Sunday, October 2, 2022

October 2: The Mystic (1925)

 



I can't help but get some Tod Browning entries here early in Spooktober. Browning arguably became one of the earliest (at least in America) directors associated with the horror genre. Today we have everyone from John Carpenter to Ari Aster, David Cronenberg to James Wan, Tobi Hooper to Robert Eggers, and the list goes on. And while the world of cinema had Méliès from France, Murnau from Germany, George Albert Smith and even the up and coming Alfred Hitchcock (not known for his dark side until the 1930's) from Britain; the U.S. had no directors that were closely associated with the genre. Sure, there are American horror films from the 1910's and very early 1920's, but Brownings turn toward the dark side in the 1920's cemented in his own mind a desire to present truly gothic cinema and films with darker elements. This may have been in no small way to do with his close association with Lon Chaney. Known for good reason as "the man of a thousand faces," due to his talented proficiency in self applying the heavy make-up for roles that called for complete physical transformation. But, it should also be pointed out that Browning often let Chaney inhabit roles that did not require heavy make-up at all, thus both allowing him to bring more psychological sophistication to sinister parts and prove that he was an absolute acting talent, with our without the make-up bag. By the time The Mystic was made however, Browning was just beginning to make this turn and had only The Unholy Three as his only well known  Chaney film under his belt to date. He did not work with Chaney here, presumably because Chaney, was off making The Monster with Roland West. Instead we have Conway Tearle (as Michael Nash aka "the bad guy") in a supporting male role behind star Aileen Pringle as Zara (the mystic). She shines in the role and completely elevates the entire film from crime concept and conceit, to a real believable drama with real humanity and pathos. This is good, because without some added sophistication, the plot is overly simple and was nothing new.  It's the old "Gypsy medium" vehicle, with a the slight plot twist of having a group of Hungarian "gypsies" imported by an American criminal "mastermind" (Tearle) to swindle an heiress out of her valuable jewels to (for Zara, of course), and sign over her other holdings him.



The plot is certainly racist by today's standards (and it was back then too, that was part of the point; adding the supposed element of criminality, that the Roma (e.g. "gypsies") were equated with criminal behavior far and wide--it was just considered acceptable racism). It was a plot that hung on longer than it should have, having even shown up in my lifetime in a Scooby-Doo episode "A Gaggle of Galloping Ghosts" (to be sure, by this time the racism is put off onto the character who is using the Gypsy disguise to ward off the Scooby Gang).  But....,yes, BUT, this is a Tod Browning film and he rarely disappoints.

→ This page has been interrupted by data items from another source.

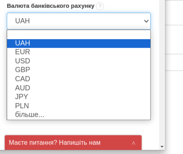 У BitFaktura ви можете встановити валюту банківського рахунку для вашої фірми або додаткового відділу, створеного в рамках фірми.  Ви можете вказати номер банківського рахунку та його валюту при створенні / редагуванні відділу.  Якщо ви щойно додали акаунт у системі, вам необхідно вказати інформацію про свою фірму. Ви можете зробити це через Налаштування > Дані фірми. Там також можна редагувати дані, додані раніше. У формі відділу ви можете внести необхідну інформацію. Всі питання, пов'язані з номером рахунку, його валютою та назвою банку, ви можете заповнити у розділі Банк У полі Банк ви можете додати назву свого банка. У полі Банківський рахунок вкажіть номер свого рахунку, який буде відображений на рахунку-фактурі. Код SWIFT — це ідентифікаційний код установи, який можна знайти на сайті вашого банка. Поле Валюта банківського рахунку дозволяє визначити валюту вашого рахунку в банку. У цьому полі ви можете вибрати валюту зі спадного списку. Список містить найпопулярніші валюти, такі як EUR, PLN, USD, GBP тощо. Опція більше дозволяє розширити перелік валют, доступних для вибору. Ознайомтеся також: Основна валюта вашого акаунта, валюта рахунку за замовчуванням та валюта вашого банківського рахунку Ознайомтеся також: Як додати більше номерів рахунків до рахунка-фактури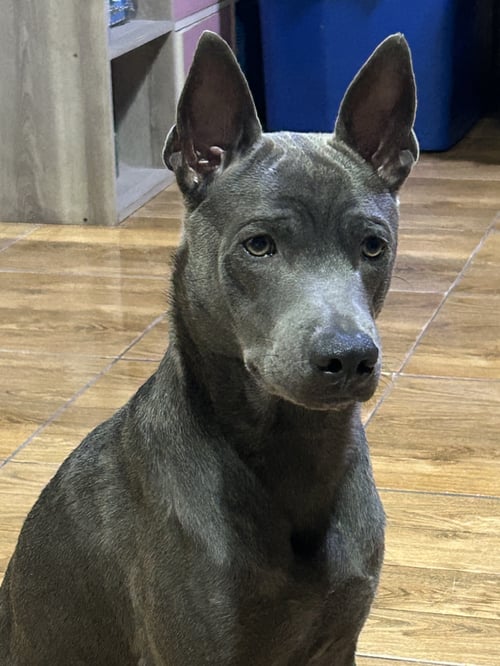 ไม่ดุ ขี้กลัว ขนสั้นสีเทาเข้ม หูตั้ง หางม้วน ใส่ปลอกคอสีแดง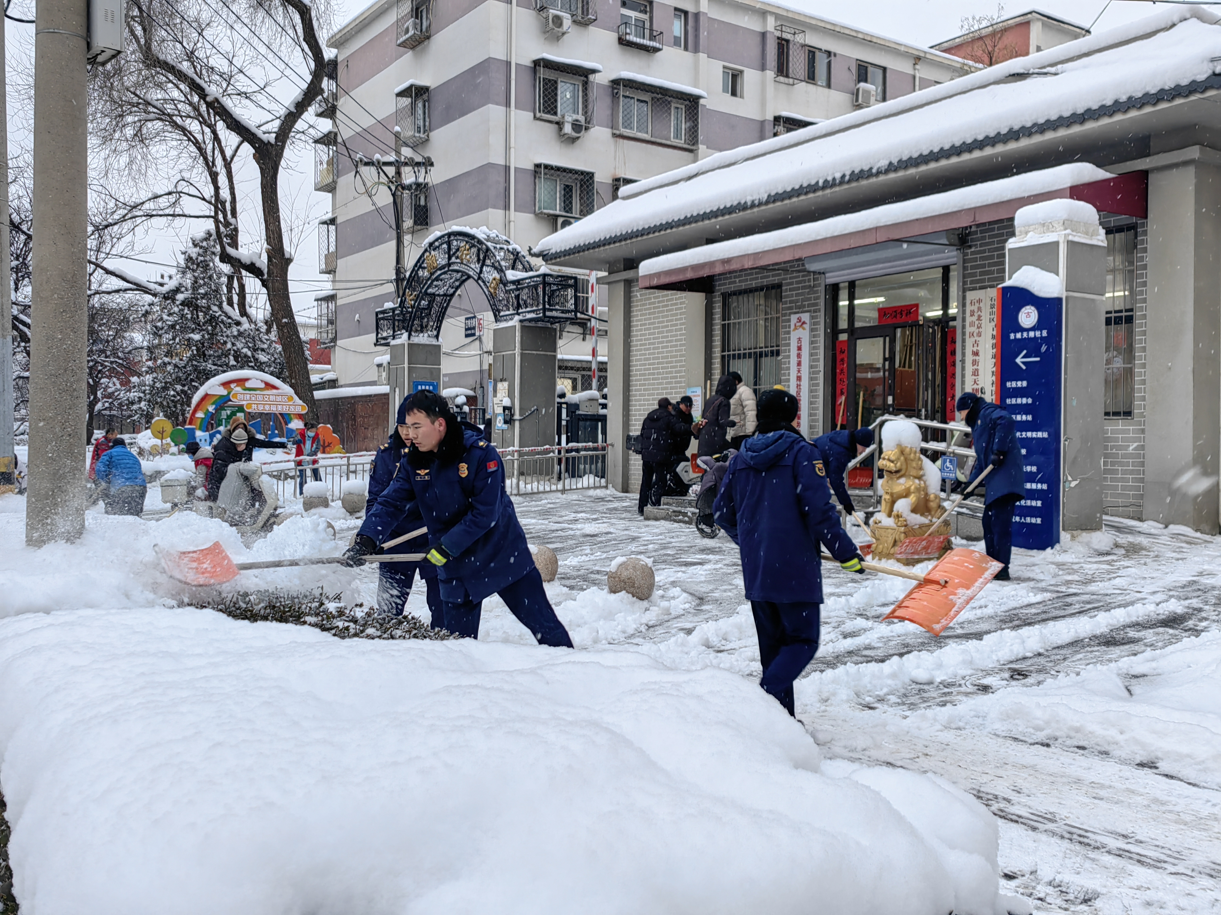 1月18日清晨,石景山区古城街道天翔社区内积雪覆盖。为确保居民安全出行,社区迅速组织了由老街坊志愿者、在职党员及社区工作者共同组成的清扫队伍开展扫雪铲冰。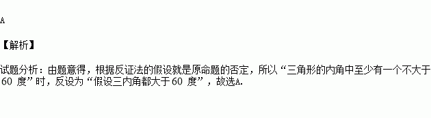 用反证法证明命题:“三角形的内角中至少有一个不大于60度”时,反设正确的是( )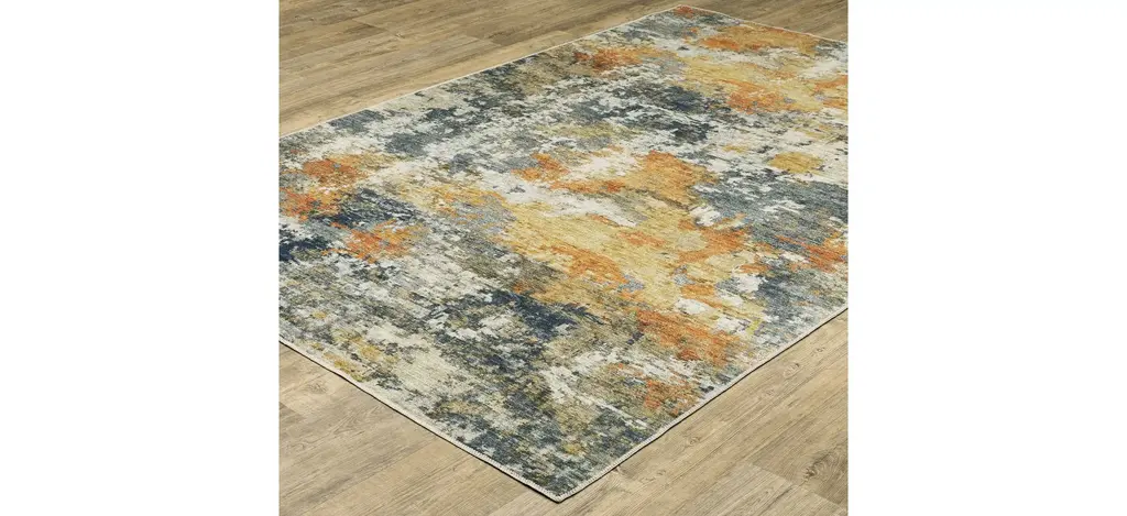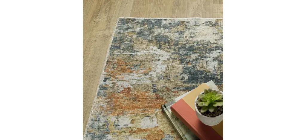 Showcase your creativity and style even in high-traffic areas with the Meagan Area Rug. Suitable for bedroom, living and dining areas, with hues of teal blue, blue, orange, gold, grey and tan. It's also machine washable to stand up to your high-traffic spots too.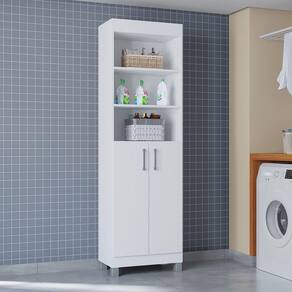 Com duas portas e prateleiras bem distribuidas, o movel proporciona amplo espaco interno para armazenar e organizar diversos itens essenciais: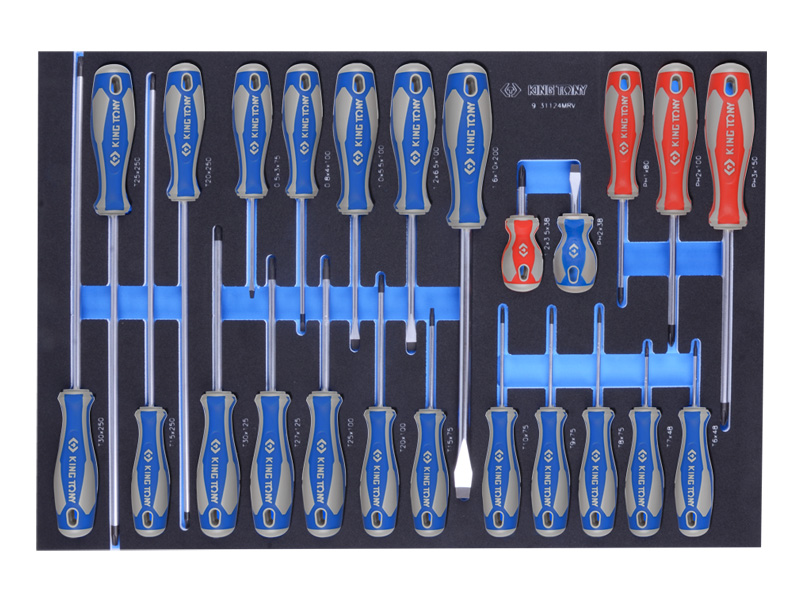 Набор отверток в ложементе из 24 предмета KING TONY 9-31124MRV применяется в автосервисе, в гараже, на промышленном предприятии.Отвертки расположены в ложементе категории № 6 (560 x 375mm) изготовленным специально для комплектации инструментальной тележки. Материал ложемента – EVA Двухкомпонентные, рукояти прямой формы эргономично располагаются в руке во время работы В комплект входит:
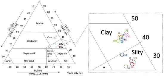 For the analysed natural soils, the particle size classification was carried out by using the ternary diagram, which represents on the axes the granular fractions from SR EN ISO 14688-1 [56]. The results of the particle size determination showed that the analysed samples are delimited into two categories of soils: clay with a mainly clay fraction (S1, S3, S4, S6, S7, S9, and S10) and silty clay with a preponderant silty fraction (S2, S5, S8, S11, and S12), as illustrated in Figure 2.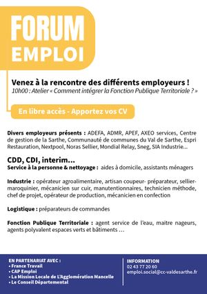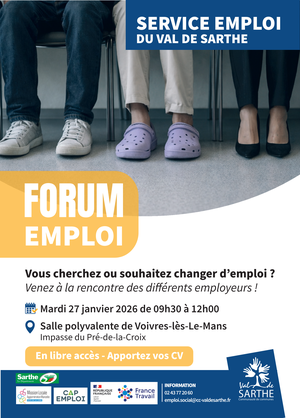 Le service Emploi de la Communauté de communes du Val de Sarthe organise un Forum Emploi le mardi 27 janvier de 09h30 à 12h00 à la salle polyvalente de Voivres-lès-Le-Mans.
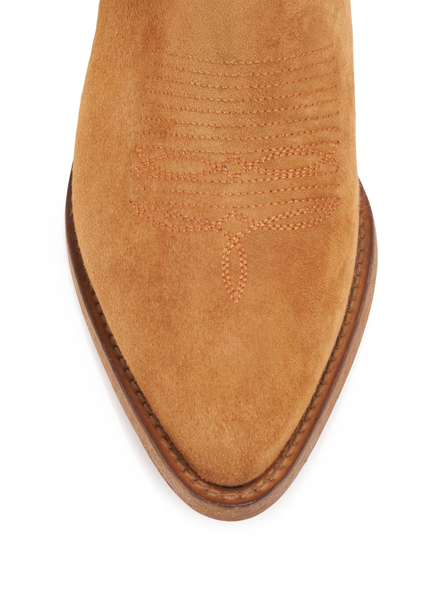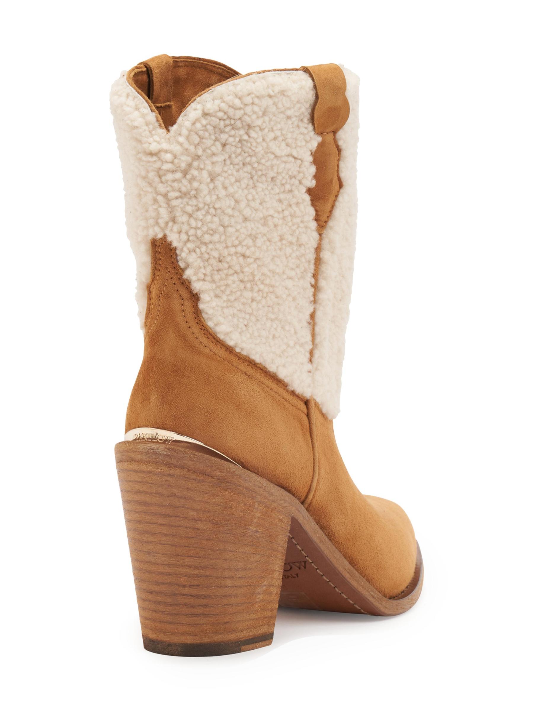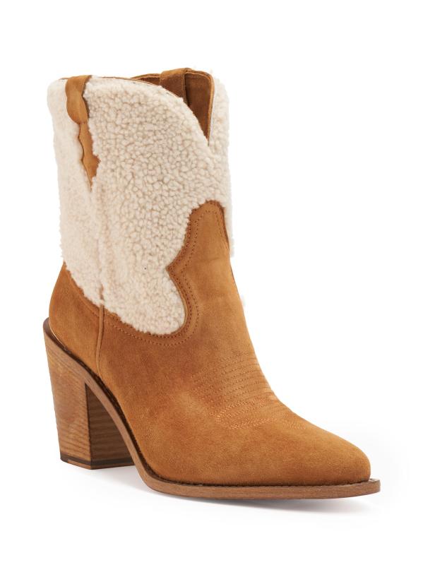 حذاء Donna Western-Style للكاحل من Partlow مصنوع من الجلد المدبوغ الناعم مع ألواح من قماش الشيرلينغ المخملي.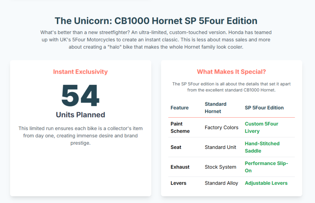 The CB1000 Hornet SP 5Four collaboration is a brilliant application of the ‘halo effect.’ By producing only 54 units with the artisanal touch of Guy Willison, Honda creates immediate collector value and intense media buzz.3 This exclusivity elevates the perceived status of the entire CB1000 Hornet SP line, a hypernaked machine praised for offering serious performance and great value at a price point that undercuts its immediate Japanese rivals. The fact that the bike is unapologetically a solo-rider machine, with a famously uncomfortable passenger seat, further confirms its focus on raw, dedicated street performance.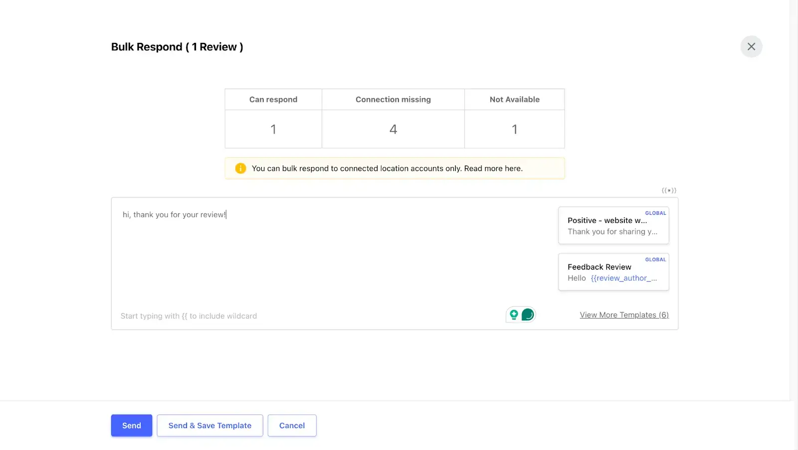 Step 7: Here, you can quickly respond to all your reviews by clicking the "respond" button. You will then be able to see all the reviews that the system can respond to in bulk and be notified if any connections are missing, as shown when you're redirected to a page like this.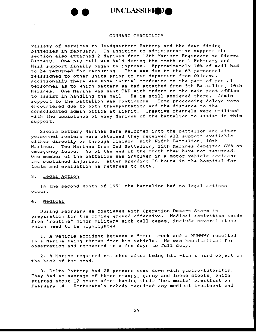 Document 16 f:/Week-38/BX600025/COMMAND CHRONOLOGY 2ND BATTALION 12TH MARINE REGIMENT JUL 90 - JUN 91/command chronology for period 1 feb to 28 feb 19:100196125403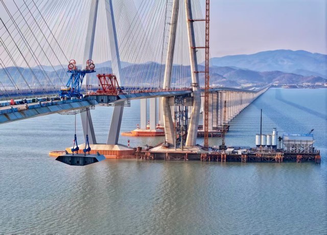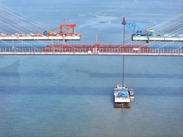 市域铁路象山港跨海大桥主桥钢箱梁历经近8个月的架设后,12月16日,主桥倒数第4片钢箱梁按期稳步起吊,冲刺大桥合龙的最后36米。

The screenplay was an adaptation of his own story (adapted for the screen by Waldemar Young), and it had a number of strange twists and darker elemental flares and, of course, the filming is excellent. The sets, costume design and atmospherics are all beautiful to look at, but are in no way distracting from the story (which the viewer is in on from the beginning). Working the cinematographer Ira Morgan, who was by 1925, a seasoned DP veteran, Browning was able to produce a film full of (melo)drama that was not cliched. And it stands the test of time. It is not a silent horror film, but it's dark and moody enough to warrant a place in any Spooktober silent lineup.





Browning plot point of trivia: there is performative knife throwing at the beginning of the film--foreshadowing Browning's The Unknown two years later--with Chaney back in the lead, opposite a very young Joan Crawford.